§ **Activity**: Could you write out every record below exactly, leaving out any pictures?

§ **Supplied records**:
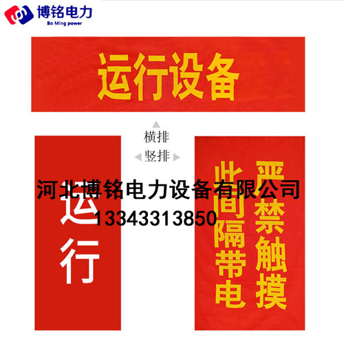2、磁吸工紅布幔:一般用于戶內(nèi),常規(guī)印制黃色字跡文字:“運(yùn)行”、“運(yùn)行中”、“正在運(yùn)行”、“運(yùn)行設(shè)備”、“設(shè)備正在運(yùn)行”“配電盤用”;白色字跡文字:“調(diào)試”、“調(diào)試設(shè)備”、“正在調(diào)試”等
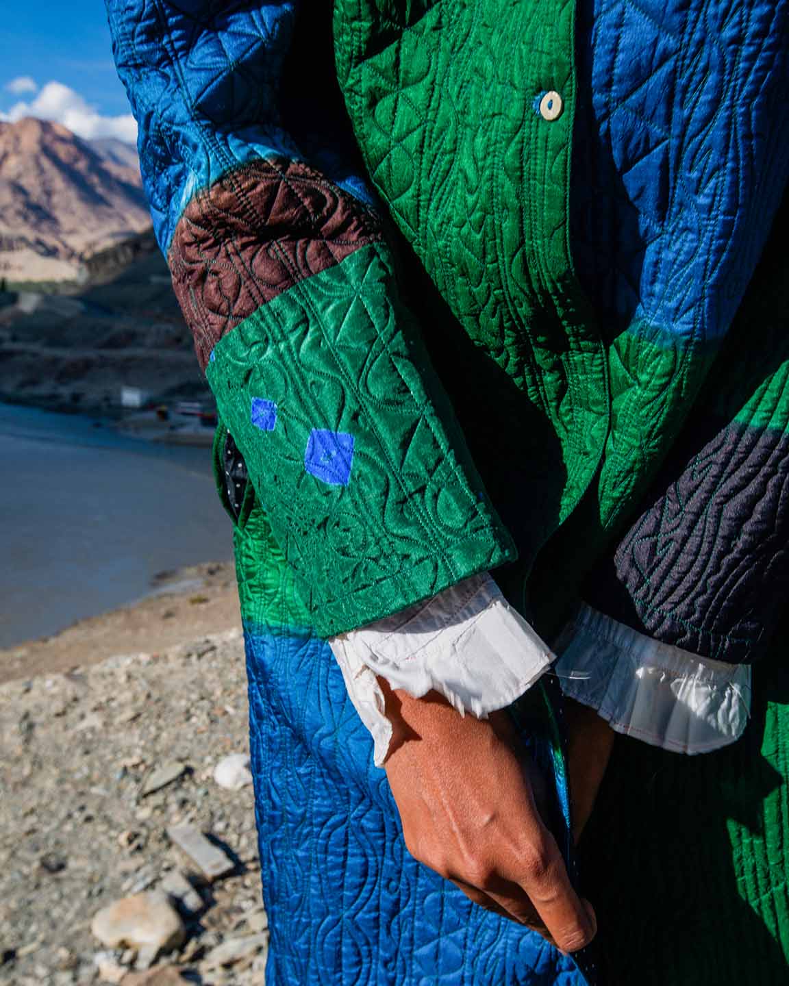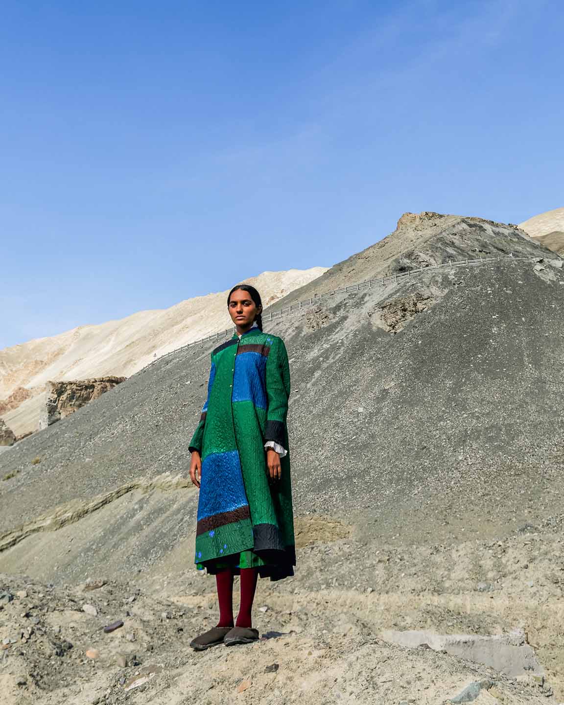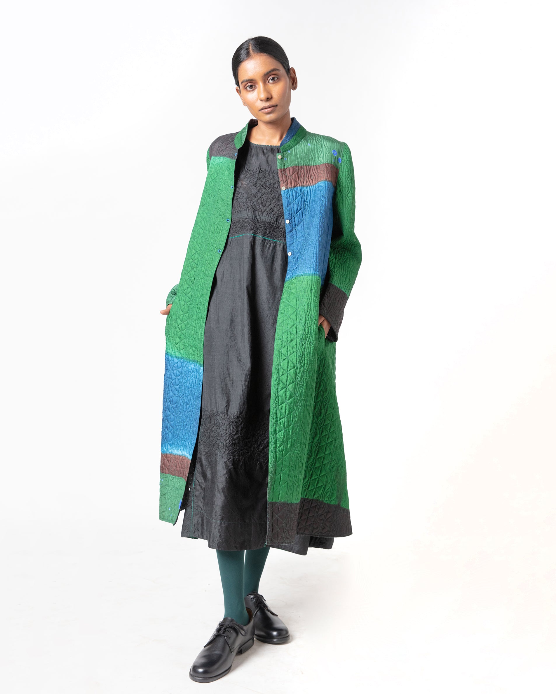 Indus Jacket in soft wool, handwoven in Gujarat, in blue, black, and red stripes. It features a closed neckline with buttons, a gathered waist, and embroidered yoke detailing. The structured yet relaxed design makes it suitable for early winter and ideal for layering.
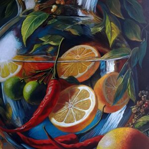 Al centro della scena, un vaso in vetro trasparente contiene acqua e ospita fette di limone, lime e peperoncini rossi. Ho scelto questi elementi per la loro vivacità e forza simbolica: gli agrumi evocano freschezza e vitalità, mentre i peperoncini rappresentano passione ed energia. L’acqua nel vaso crea riflessi che diffondono la luce, amplificando la bellezza naturale degli oggetti e dando alla scena un dinamismo unico.
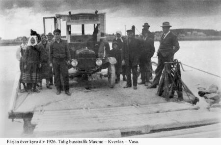Busstrafik Maxmo-Kvevlax-Vasa 1926, chaufför är Teodor Forsell. Färjan över Kyro älv är en ny lite större modell för att klara biltrafik.
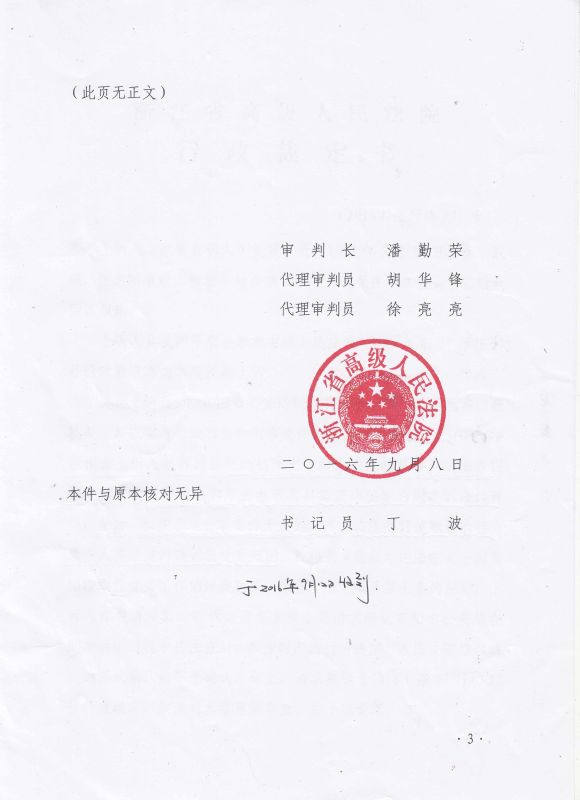 3、请求依法提审这起特大影响的行政诉讼案件,或者指令浙江省以外的其他省中级人民法院立案审理,落实习总书记让人民群众在每一个司法案件中感受到公平正义。
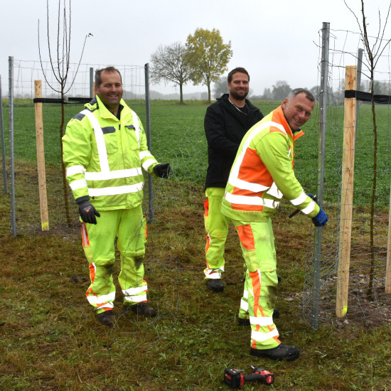Bereits 50 Bäume haben die Bauhofmitarbeiter in der neuen Obstgartenanlage gepflanzt, ein weiterer Baum wurde im Beisein der Kinder eingesetzt. Herr Thomas Dolzer erklärte kindgerecht worauf es ankommt, wenn ein Baum gepflanzt wird und seine Bauhofkollegen setzten jeden einzelnen Schritt anschaulich und verständlich für die Kinder um.
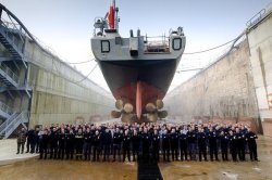 A La Réunion, le chantier naval Piriou débute avec le bâtiment de soutien Champlain un premier arrêt technique sur le dock flottant
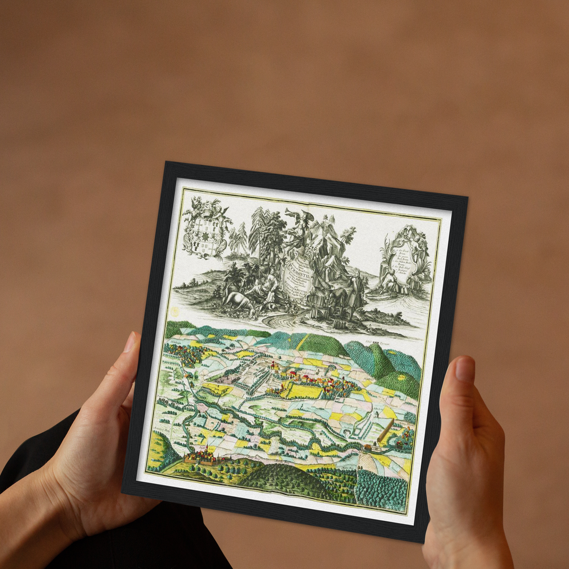 Unsere Nachdrucke entstehen in Archivqualität auf feinstem, mattem Papier (250 g/m²), das jedem Raum eine eindrucksvolle Note verleiht. Die hochauflösende Digitalisierung und farbgetreue Rekonstruktion garantieren, dass du ein Stück Geschichte in unvergleichlicher Schärfe und Brillanz erlebst. Jeder Druck wird auf Bestellung in Deutschland gefertigt und ist in 3 erlesenen Größen erhältlich: 30x30 cm. Zum Schutz wird jede Karte in einer stabilen Verpackung versandt. Optional kannst du zwischen natürlichen, dunkelbraunen oder schwarzen Holzrahmen sowie einem eleganten schwarzen Metallrahmen wählen, der mit bruchsicherem Plexiglas ausgestattet ist.
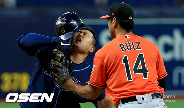 최지만(탬파베이)이 3루타를 친 후 송구에 얼굴을 맞아 교체됐다.
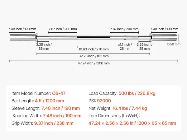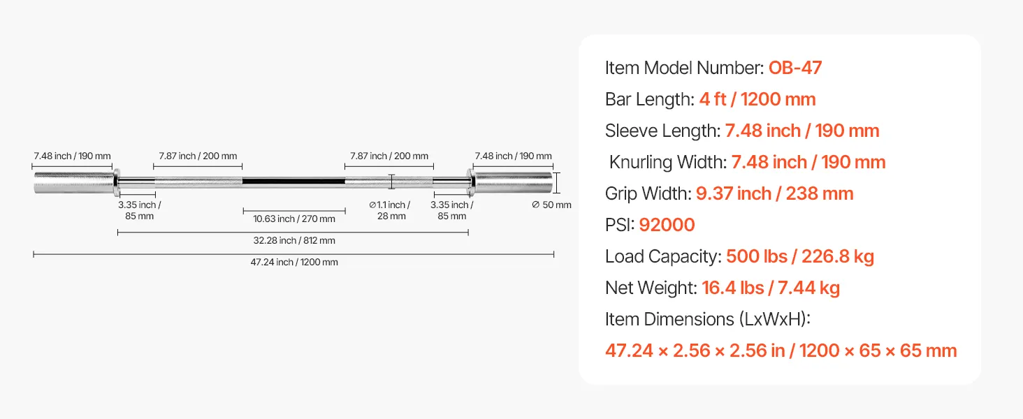 Diese Hantelstange trägt bis zu 227 kg und hat eine Zugfestigkeit von 92.000 PSI. Mit Messingbuchsen, Nadellagern und Diamanträndelung sorgt sie für Stabilität, sicheren Halt und komfortable Handhabung für effektives Krafttraining.
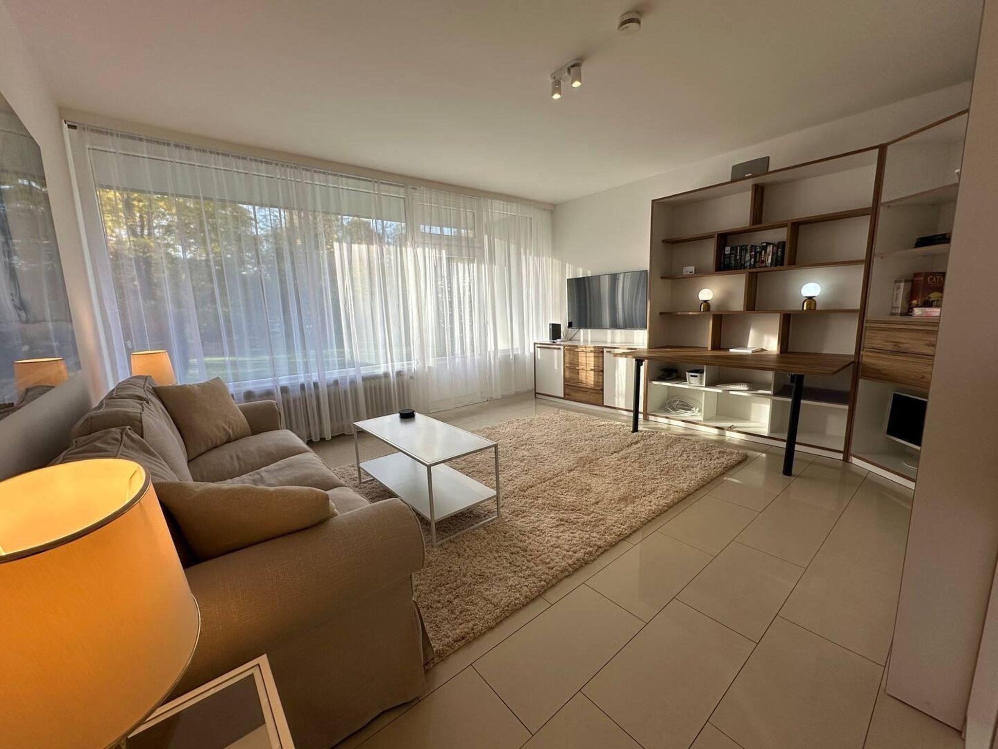 Die gemütliche 1-Zimmer-Ferienwohnung mit separater Küche befindet sich im Erdgeschoss eines Mehrparteienhauses. Sie verfügt über einen Wohnraum mit Sofaecke, TV, Schreibtisch und Schrankbett, ein Badezimmer mit Dusche und WC, eine Küche mit Kaffeevollautomat und Essplatz und eine Terrasse. Auf der Terrasse stehen Sitzmöbel und eine Hängematte zur Verfügung. Waschmaschine und Trockner stehen gegen Gebühr im Gemeinschaftstrockenkeller zur Verfügung.
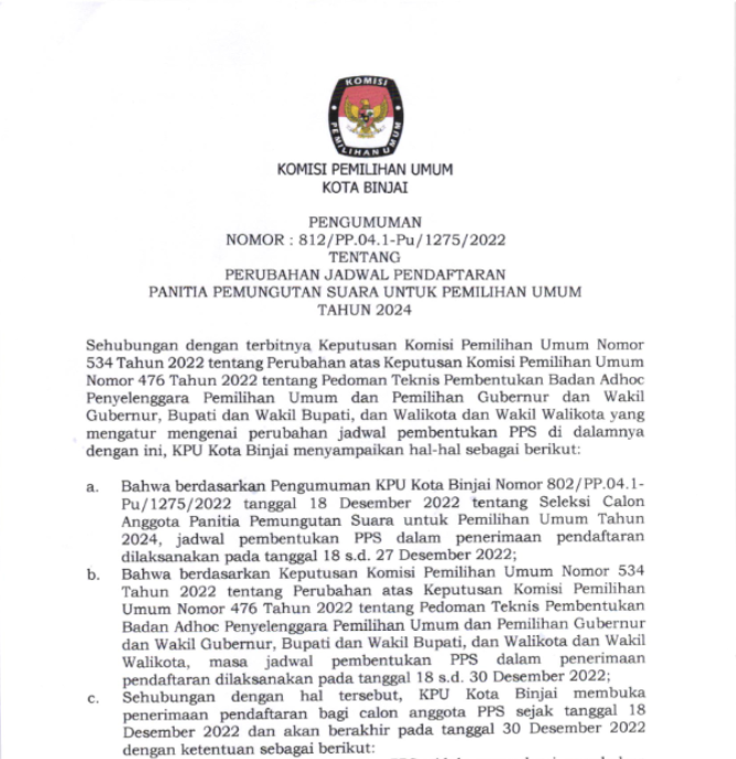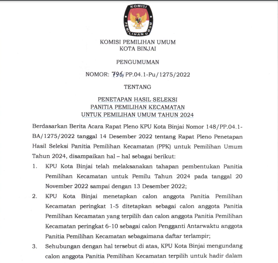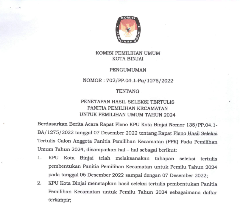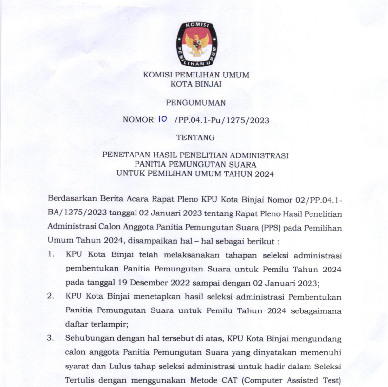 Berikut merupakan Hasil Pengumuman Administrasi Panitai Pemungutan Suara (PPS) untuk Pemilu Tahun 2024
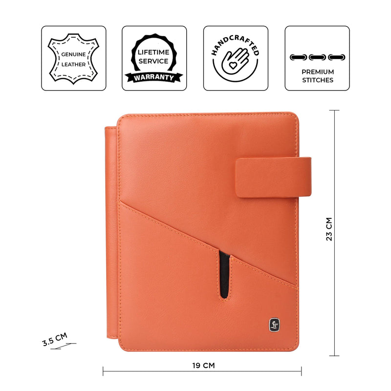 Melunge Genuine Leather Notebook | Luxury Leather Diary & Writing Journal for Office & Travel | Color: Orange
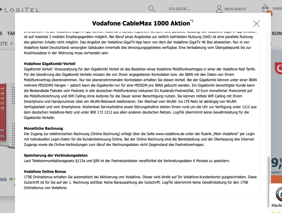 Logitel bietet den Vodafone Cable Max für dauerhaft 49,99€ mtl. an. Dazu gibt es die FRITZ!Box 6690 (Wert: 267€) und den Fritz Repeater 2400 (90€ lt idealo) und ihr bekommt die gesamten Anschlusskosten geschenkt. Überprüft am besten vorab HIER, ob und welcher Anschluss bei euch vor Ort möglich ist. Der Vorteil hier ist, dass der Preis dauerhaft bei 49,99€ mtl .liegt, auch nach 2 Jahren Laufzeit.

§ **Problem solution**:
2、磁吸工紅布幔:一般用于戶內(nèi),常規(guī)印制黃色字跡文字:“運(yùn)行”、“運(yùn)行中”、“正在運(yùn)行”、“運(yùn)行設(shè)備”、“設(shè)備正在運(yùn)行”“配電盤用”;白色字跡文字:“調(diào)試”、“調(diào)試設(shè)備”、“正在調(diào)試”等
 Indus Jacket in soft wool, handwoven in Gujarat, in blue, black, and red stripes. It features a closed neckline with buttons, a gathered waist, and embroidered yoke detailing. The structured yet relaxed design makes it suitable for early winter and ideal for layering.
 Al centro della scena, un vaso in vetro trasparente contiene acqua e ospita fette di limone, lime e peperoncini rossi. Ho scelto questi elementi per la loro vivacità e forza simbolica: gli agrumi evocano freschezza e vitalità, mentre i peperoncini rappresentano passione ed energia. L’acqua nel vaso crea riflessi che diffondono la luce, amplificando la bellezza naturale degli oggetti e dando alla scena un dinamismo unico.
Busstrafik Maxmo-Kvevlax-Vasa 1926, chaufför är Teodor Forsell. Färjan över Kyro älv är en ny lite större modell för att klara biltrafik.
 3、请求依法提审这起特大影响的行政诉讼案件,或者指令浙江省以外的其他省中级人民法院立案审理,落实习总书记让人民群众在每一个司法案件中感受到公平正义。
Bereits 50 Bäume haben die Bauhofmitarbeiter in der neuen Obstgartenanlage gepflanzt, ein weiterer Baum wurde im Beisein der Kinder eingesetzt. Herr Thomas Dolzer erklärte kindgerecht worauf es ankommt, wenn ein Baum gepflanzt wird und seine Bauhofkollegen setzten jeden einzelnen Schritt anschaulich und verständlich für die Kinder um.
 A La Réunion, le chantier naval Piriou débute avec le bâtiment de soutien Champlain un premier arrêt technique sur le dock flottant
 Unsere Nachdrucke entstehen in Archivqualität auf feinstem, mattem Papier (250 g/m²), das jedem Raum eine eindrucksvolle Note verleiht. Die hochauflösende Digitalisierung und farbgetreue Rekonstruktion garantieren, dass du ein Stück Geschichte in unvergleichlicher Schärfe und Brillanz erlebst. Jeder Druck wird auf Bestellung in Deutschland gefertigt und ist in 3 erlesenen Größen erhältlich: 30x30 cm. Zum Schutz wird jede Karte in einer stabilen Verpackung versandt. Optional kannst du zwischen natürlichen, dunkelbraunen oder schwarzen Holzrahmen sowie einem eleganten schwarzen Metallrahmen wählen, der mit bruchsicherem Plexiglas ausgestattet ist.
 최지만(탬파베이)이 3루타를 친 후 송구에 얼굴을 맞아 교체됐다.
 Diese Hantelstange trägt bis zu 227 kg und hat eine Zugfestigkeit von 92.000 PSI. Mit Messingbuchsen, Nadellagern und Diamanträndelung sorgt sie für Stabilität, sicheren Halt und komfortable Handhabung für effektives Krafttraining.
 Die gemütliche 1-Zimmer-Ferienwohnung mit separater Küche befindet sich im Erdgeschoss eines Mehrparteienhauses. Sie verfügt über einen Wohnraum mit Sofaecke, TV, Schreibtisch und Schrankbett, ein Badezimmer mit Dusche und WC, eine Küche mit Kaffeevollautomat und Essplatz und eine Terrasse. Auf der Terrasse stehen Sitzmöbel und eine Hängematte zur Verfügung. Waschmaschine und Trockner stehen gegen Gebühr im Gemeinschaftstrockenkeller zur Verfügung.
 Berikut merupakan Hasil Pengumuman Administrasi Panitai Pemungutan Suara (PPS) untuk Pemilu Tahun 2024
 Melunge Genuine Leather Notebook | Luxury Leather Diary & Writing Journal for Office & Travel | Color: Orange
 Logitel bietet den Vodafone Cable Max für dauerhaft 49,99€ mtl. an. Dazu gibt es die FRITZ!Box 6690 (Wert: 267€) und den Fritz Repeater 2400 (90€ lt idealo) und ihr bekommt die gesamten Anschlusskosten geschenkt. Überprüft am besten vorab HIER, ob und welcher Anschluss bei euch vor Ort möglich ist. Der Vorteil hier ist, dass der Preis dauerhaft bei 49,99€ mtl .liegt, auch nach 2 Jahren Laufzeit.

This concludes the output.